▽
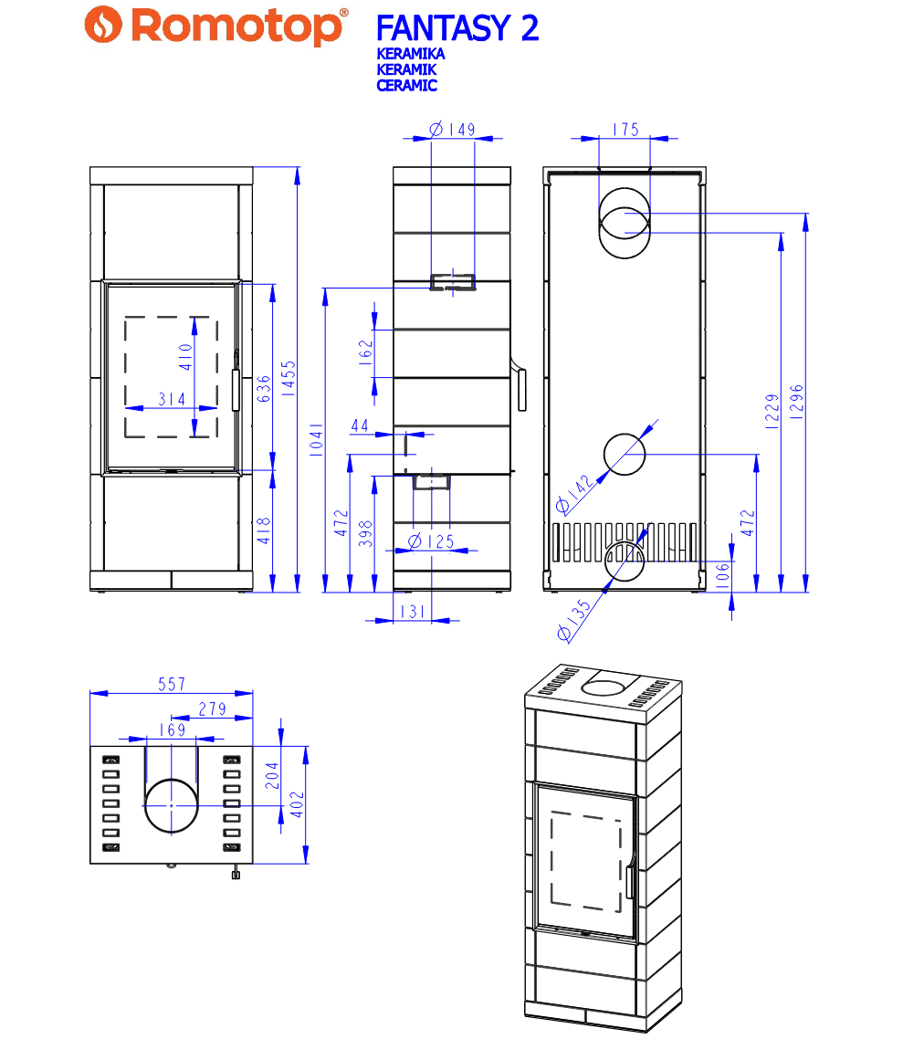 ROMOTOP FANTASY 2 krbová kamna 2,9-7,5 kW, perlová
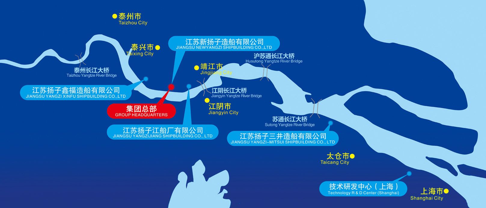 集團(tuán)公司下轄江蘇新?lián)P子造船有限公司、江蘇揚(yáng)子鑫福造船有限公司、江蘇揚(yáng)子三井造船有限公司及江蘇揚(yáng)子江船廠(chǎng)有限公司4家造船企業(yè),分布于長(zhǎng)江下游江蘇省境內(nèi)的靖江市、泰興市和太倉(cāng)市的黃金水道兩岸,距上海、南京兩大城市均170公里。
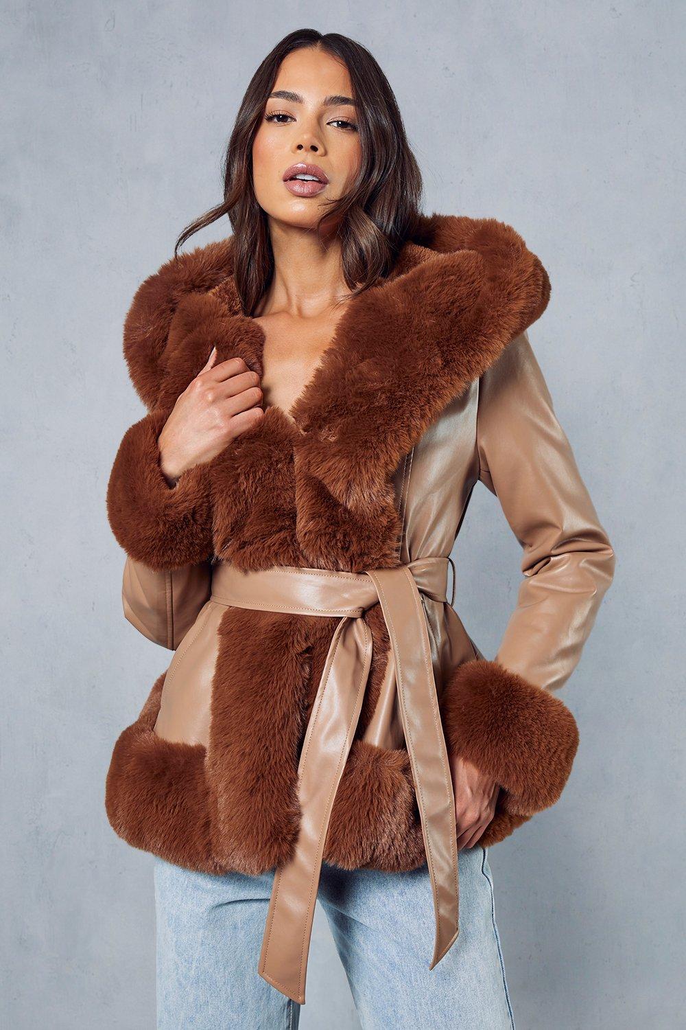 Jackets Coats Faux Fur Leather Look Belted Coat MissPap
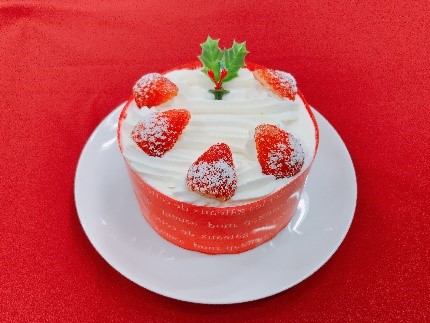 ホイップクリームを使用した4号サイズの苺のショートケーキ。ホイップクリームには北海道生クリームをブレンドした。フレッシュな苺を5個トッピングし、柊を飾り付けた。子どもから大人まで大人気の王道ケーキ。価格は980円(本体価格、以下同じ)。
△
Every last line above must be reproduced as written, and no pictures belong in the copy.

→ WORKED SOLUTION
 ROMOTOP FANTASY 2 krbová kamna 2,9-7,5 kW, perlová
 集團(tuán)公司下轄江蘇新?lián)P子造船有限公司、江蘇揚(yáng)子鑫福造船有限公司、江蘇揚(yáng)子三井造船有限公司及江蘇揚(yáng)子江船廠(chǎng)有限公司4家造船企業(yè),分布于長(zhǎng)江下游江蘇省境內(nèi)的靖江市、泰興市和太倉(cāng)市的黃金水道兩岸,距上海、南京兩大城市均170公里。
 Jackets Coats Faux Fur Leather Look Belted Coat MissPap
 ホイップクリームを使用した4号サイズの苺のショートケーキ。ホイップクリームには北海道生クリームをブレンドした。フレッシュな苺を5個トッピングし、柊を飾り付けた。子どもから大人まで大人気の王道ケーキ。価格は980円(本体価格、以下同じ)。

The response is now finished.